Tuesday, November 1, 2016
Direct and Indirect Ways the FCC Will Weigh in on the AT&T-Time Warner Merger
Depending on your economic and political alliance, I have good, or bad news. I fully expect the FCC to lend its regulatory “good offices” and provide binding or advisory opinion on AT&T acquisition of Time Warner. In any event, we have a real time case study in the political economy of regulatory agencies and the incentive to expand reach, budget and significance.
The Direct Link
The FCC has direct statutory authority to oversee a merger when one or more licenses require approval for a transfer of ownership and control. Time Warner owns one television station and holds several satellite uplink licenses for remote news gathering. Section 214 of the Communications Act requires FCC approval of a transfer, albeit on a pro forma, expedited basis.
Several Indirect Links
The FCC has available a number of creative and quite possibly lawful ways to assert ancillary authority. Soon after the market debut of cable television, the FCC asserted jurisdiction, despite the lack of direct statutory authority. The Commission created a regulatory hook based on the transitive principle in math: A is to B as B is to C. Therefore A is to C.
In application, the FCC reasoned that because it has direct statutory authority to regulate broadcasting, and because cable television has the potential to adversely affect broadcasting (e.g., thorough audience fragmentation), therefore the FCC can regulate cable television. The Commission’s strategy passed muster with a reviewing court in the United States v. Sw. Cable Co., 392 U.S. 157, 178 (1968), but the strategy did not work for network neutrality
The FCC also has exercised jurisdiction over media cross-ownership, with an explicit concern about content diversity and market concentration, including matters for which it does not have direct jurisdiction over one category of media outlet, e.g., newspapers. The Commission established rules prohibiting cross ownership of a broadcast television station and a general circulation newspaper in the same market.
Additionally, on several occasions, the FCC deftly leverages congressional mandate to investigate and report on marketplace conditions as the foundation for establishing rules, regulations and safeguards ostensibly to achieve a legislatively created goal. For example, Section 706 of the Telecommunications Act of 1996 requires the FCC to assess marketplace conditions in advanced telecommunications capability.
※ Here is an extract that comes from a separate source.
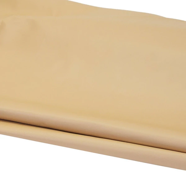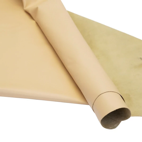Small calf sides, with a very nice yellowy-beige pigmented finish and smooth grain. Phenomenal lining leather! It’s also got the hand for making lightweight bags, backpacks, pouches, and more! Avg. 6-8 sqft with good length!

That mandate has morphed into secondary legislative support for network neutrality.
Lastly, I believe that formally or informally, the Justice Department will collaborate with the FCC--if only to spread the heat/blame if the ultimate decision is no, or conditioned in ways that are politically unpalatable. The Justice Department has collaborated with the FCC before, even as each agency has a different oversight template: DOJ uses quantitative measures, such as Herfindahl-Hirschman Index of market concentration and the FCC uses qualitative, "public interest" measures.